EXERCISE INSTRUCTIONS:
Transcribe the records word for word. Leave every picture out.

TASK DATA:
# # #

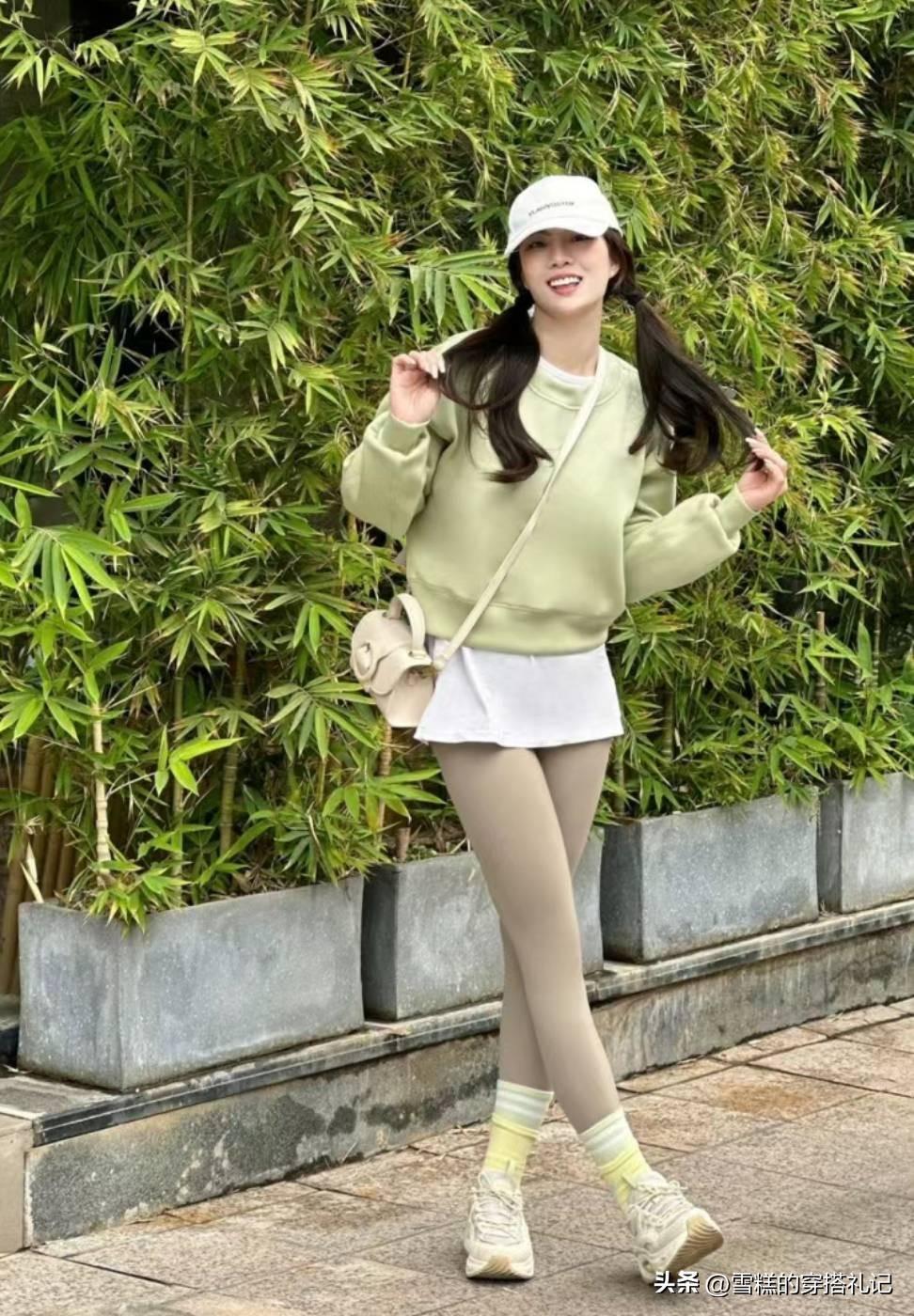 綠色衛衣和同色系的瑜伽褲進行組合,再通過短襪進行過渡,最後踩上一雙厚底運動鞋,顯高效果十足!
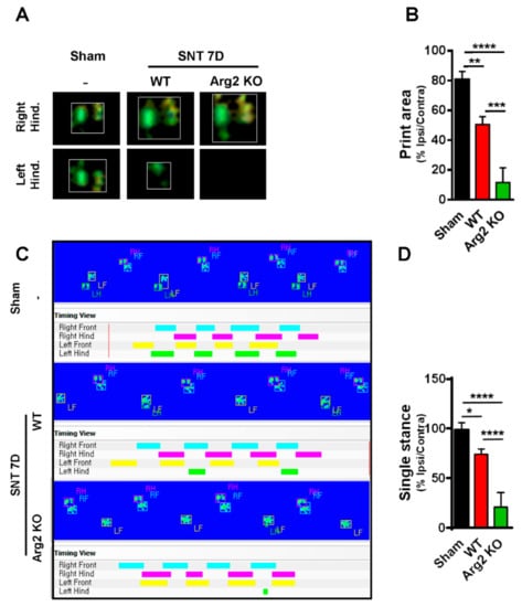 The CatWalk automated gait analysis was used to evaluate gait parameters in the SNT-induced neuropathic pain model. The CatWalk analysis system consists of a glass walkway, which contains light from a white fluorescent source. The light rays from this source exhibit complete internal reflection. When an object touches the glass runway, the light is reflected downwards, where it is detected by a video camera, as the mice travel down a glass-floored walkway located in a darkened tunnel. In general, mice cross the CatWalk runway easily and at a constant speed. The downward pressure of each paw illuminates the fluorescent light from the glass platform, and the video camera detects and records the light signals. Then, CatWalk XT software automatically analyzes various gait parameters, such as paw print area, duty cycle, and the stance phase. In this study, we examined two parameters (print area and single stance, Figures S1 and S2) to study the role of Arg2 in SNT mice. The print area was measured by calculating the surface area contacting the glass floor and the single stance was part of the hind paw step cycle where the contralateral hind paw does not touch the glass plate or where the ipsilateral hind paw touches the glass plate. This signal is then digitized, which allows analysis by the CatWalk program software (CatWalk XT version 10.5.505, Noldus Information Technology, Wageningen, The Netherlands).)
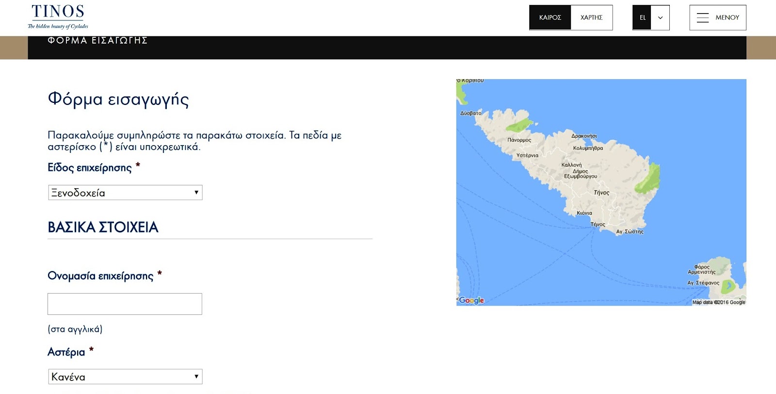 Ο Δήμος Τήνου καλεί τους επαγγελματίες του νησιού που επιθυμούν την προβολή τους μέσα από το τουριστικό portal του Δήμου www.tinos.gr, να συμπληρώσουν τη φόρμα που βρίσκεται στη διεύθυνση http://www.tinos.gr/business-form/.
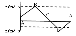 1、单选题  当太阳直射点位于右图中D点这一天时
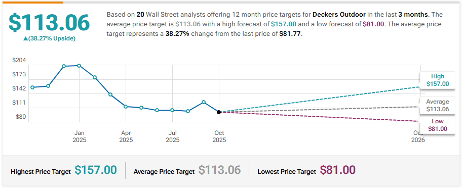 Deckers offers footwear, apparel, and accessories products under various brands, such as UGG, Hoka, Teva and Sanuk. The UGG brand represents just over 54% of Deckers’ annual revenue in the first three quarters of 2025, and saw sales grow 14.9% compared to the first three quarters of 2024.

# # #

PROBLEM SOLUTION:
 綠色衛衣和同色系的瑜伽褲進行組合,再通過短襪進行過渡,最後踩上一雙厚底運動鞋,顯高效果十足!
 The CatWalk automated gait analysis was used to evaluate gait parameters in the SNT-induced neuropathic pain model. The CatWalk analysis system consists of a glass walkway, which contains light from a white fluorescent source. The light rays from this source exhibit complete internal reflection. When an object touches the glass runway, the light is reflected downwards, where it is detected by a video camera, as the mice travel down a glass-floored walkway located in a darkened tunnel. In general, mice cross the CatWalk runway easily and at a constant speed. The downward pressure of each paw illuminates the fluorescent light from the glass platform, and the video camera detects and records the light signals. Then, CatWalk XT software automatically analyzes various gait parameters, such as paw print area, duty cycle, and the stance phase. In this study, we examined two parameters (print area and single stance, Figures S1 and S2) to study the role of Arg2 in SNT mice. The print area was measured by calculating the surface area contacting the glass floor and the single stance was part of the hind paw step cycle where the contralateral hind paw does not touch the glass plate or where the ipsilateral hind paw touches the glass plate. This signal is then digitized, which allows analysis by the CatWalk program software (CatWalk XT version 10.5.505, Noldus Information Technology, Wageningen, The Netherlands).)
 Ο Δήμος Τήνου καλεί τους επαγγελματίες του νησιού που επιθυμούν την προβολή τους μέσα από το τουριστικό portal του Δήμου www.tinos.gr, να συμπληρώσουν τη φόρμα που βρίσκεται στη διεύθυνση http://www.tinos.gr/business-form/.
 1、单选题  当太阳直射点位于右图中D点这一天时
 Deckers offers footwear, apparel, and accessories products under various brands, such as UGG, Hoka, Teva and Sanuk. The UGG brand represents just over 54% of Deckers’ annual revenue in the first three quarters of 2025, and saw sales grow 14.9% compared to the first three quarters of 2024.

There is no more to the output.